Q: In "Letters to a Young Poet," you say: I wanted to go somewhere/the brain had not yet gone/I wanted not to be/there so alone." This incredible, restless intelligence and a loneliness from being in that position is really how your poems seem to come to us. Am I being accurate here?

A: I think my work comes out of both an intense desire for connection and what it means to feel isolated. There's always going to be a kind of tidal movement back and forth between the two. Art and literature have given so many people the relief of feeling connected -- pulled us out of isolation. It has let us know that somebody else breathed and dreamed and had sex and loved and raged and knew loneliness the way we do.

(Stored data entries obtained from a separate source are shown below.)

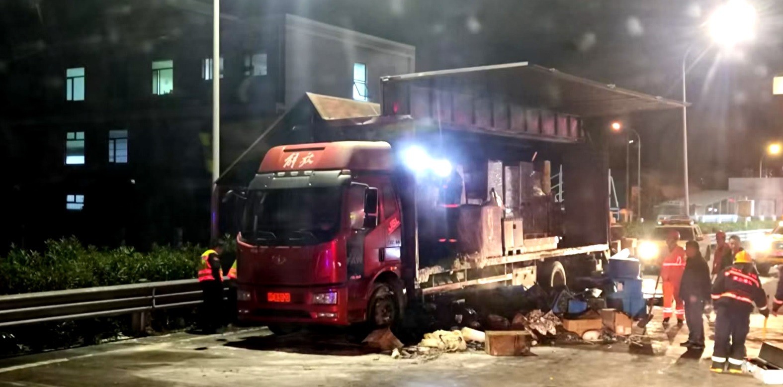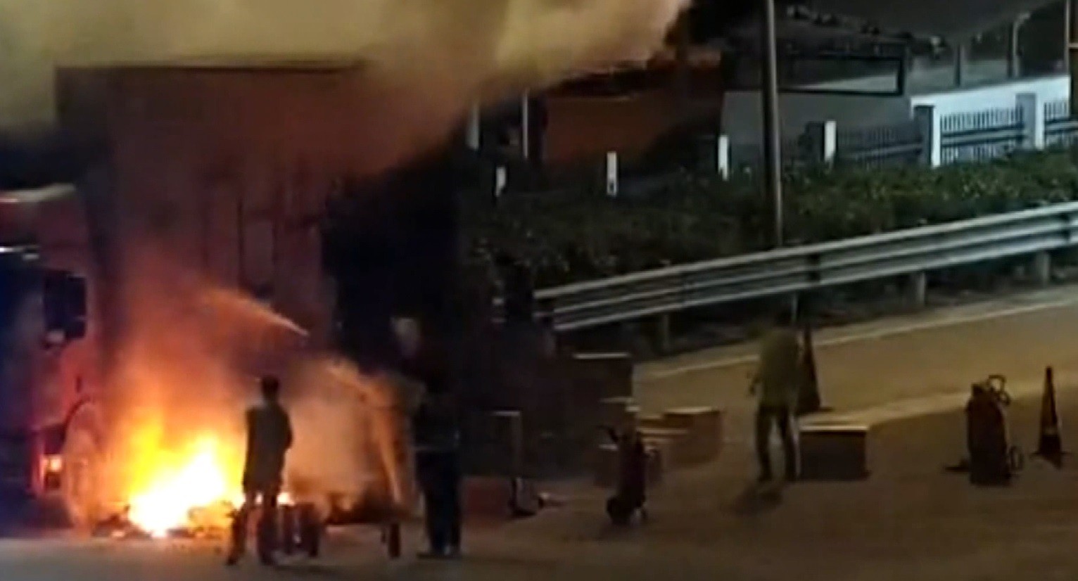 货车突发火情 高速收费员“一气呵成”教科书式极速处置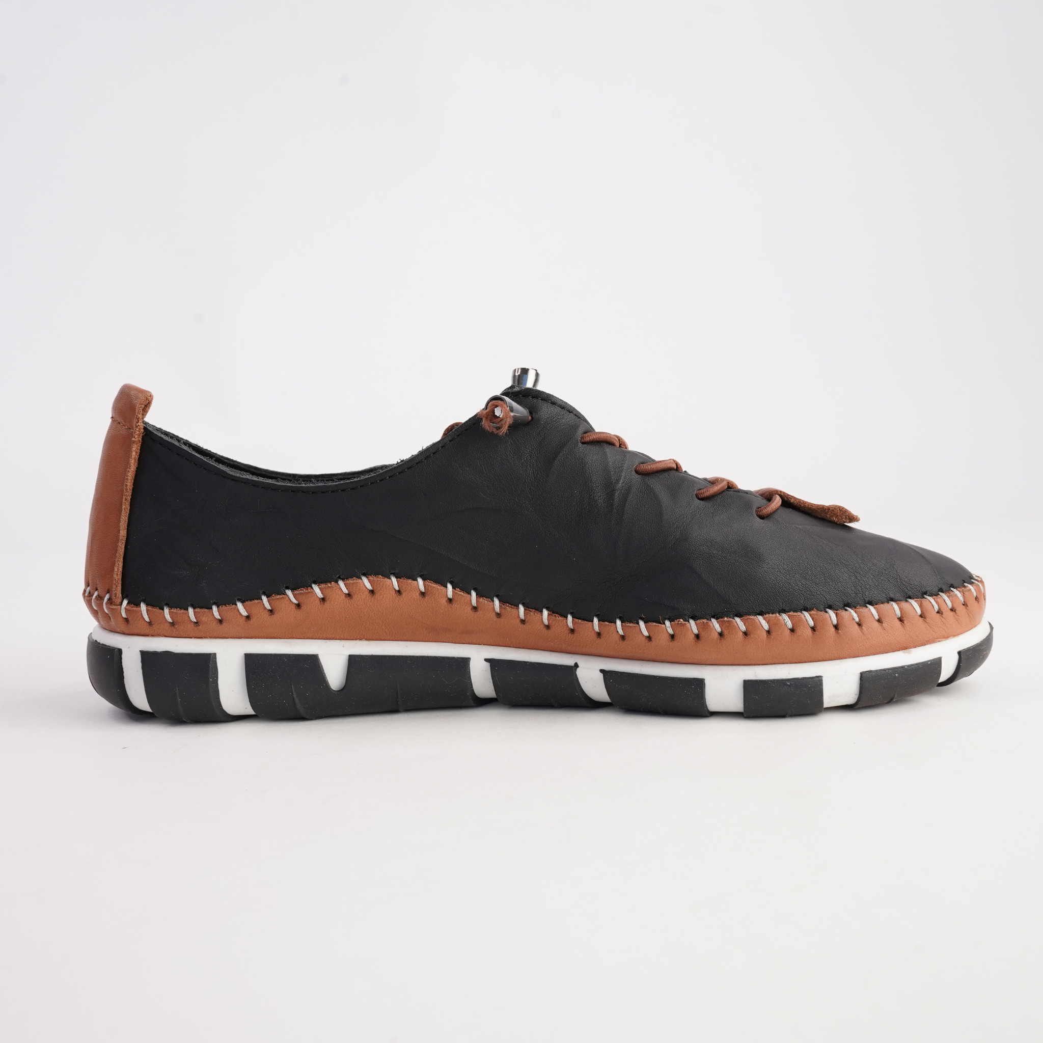 Relaxed, lightweight and effortlessly comfortable, the Chino sneakers by Cabello are your go-to for everyday wear. Crafted from soft black leather with contrast stitching and subtle colour detailing, this casual lace-up style delivers both character and comfort. The flexible sole and cushioned finish make them perfect for long days on your feet.
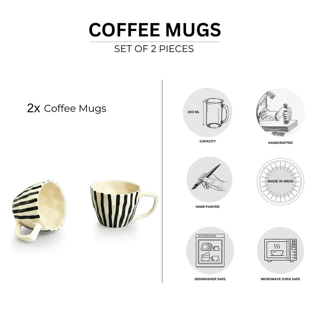 The ‘Zebra Pattern’ is a set of 2 tea & coffee mugs of 200 ml each that have been masterfully handcrafted & hand-painted in ceramic by skilled indian artisans. These mugs are perfect for sharing tea or coffee with your loved ones or even cold beverages and juices. This is also an ideal gift for housewarmings and the festive season. The coffee mugs are microwave and dishwasher safe.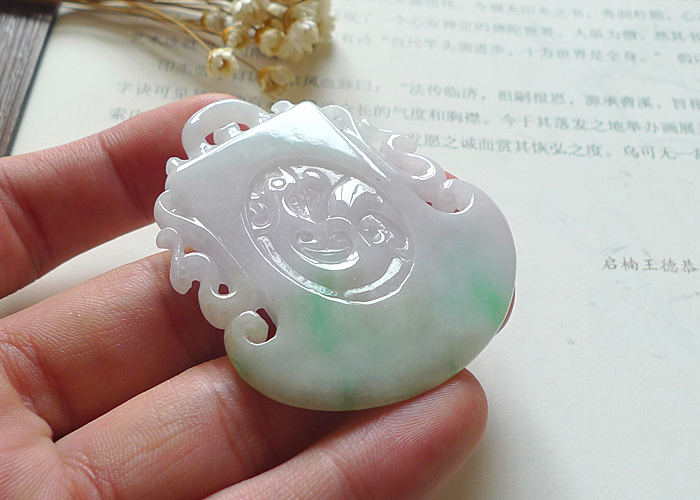 【名称】-缅甸天然翡翠A货阳绿斧上有龙(4238)【尺寸】-56.3*46.5*.4.2mm【重量】-21.8g【价格】-398元【简介】- 无纹裂,种水好,玉质细润,飘阳绿,寓意好。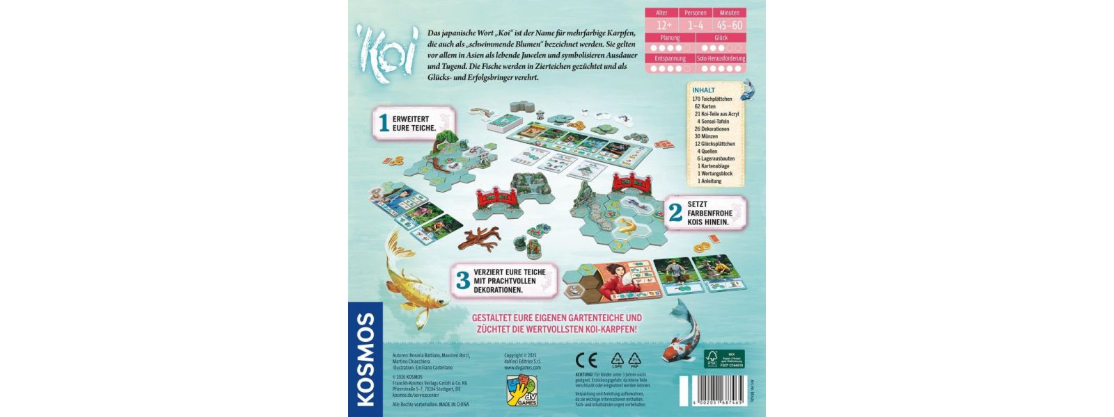 Gestaltet euren eigenen Zierteich, setzt Kois ins Wasser und lasst nach und nach eine lebendige Landschaft entstehen. Jede Entscheidung beeinflusst das Zusammenspiel von Platzierung, Umgebung und Wertung. Wählt Karten gezielt, plant eure Züge voraus und entwickelt euren Teich Schritt für Schritt weiter. Wer Timing und Strategie am besten kombiniert, gestaltet das erfolgreichste Gewässer.

Q: What are you working on now?

A: Poems. And sometimes making notes for essays. I'm not really up for writing them yet. I feel this mistrust of there being an audience for the kind of essay I'd like to write, which is, again, not short and not comfortable. And maybe somewhat demanding.

Q: Critical?

A: Critical, political, or cultural. One of the things I have to say about this demon of the personal -- and I have to take responsibility for my part in helping create this demon, as part of a women's movement in which we celebrated personal experience and personal feelings -- is that it has become a horribly commoditized version of humanity. It's almost as though the personal life has been taken hostage in some way, and I'm shying away more and more from anything that would contribute to that.

Q: Midnight Salvage, I think, is a contribution about happiness, which of course means unhappiness as well.

A: I have a poem from the '60s that begins: "Difficult, ordinary happiness, no one nowadays believes in you." And, yes -- it always goes with unhappiness. It's that thing that is glinting at the bottom of the stream that you're reaching for all the time -- your hand often not being able to grasp it, even though your eye can see it. n

Michael Klein, author of 1990 (Provincetown Poets Series) and Track Conditions: A Memoir (Ballantine Books), teaches in the MFA Program at Goddard College in Vermont and is on the faculty at the Fine Arts Work Center in Provincetown. He is working on a new nonfiction work called The End of Being Known.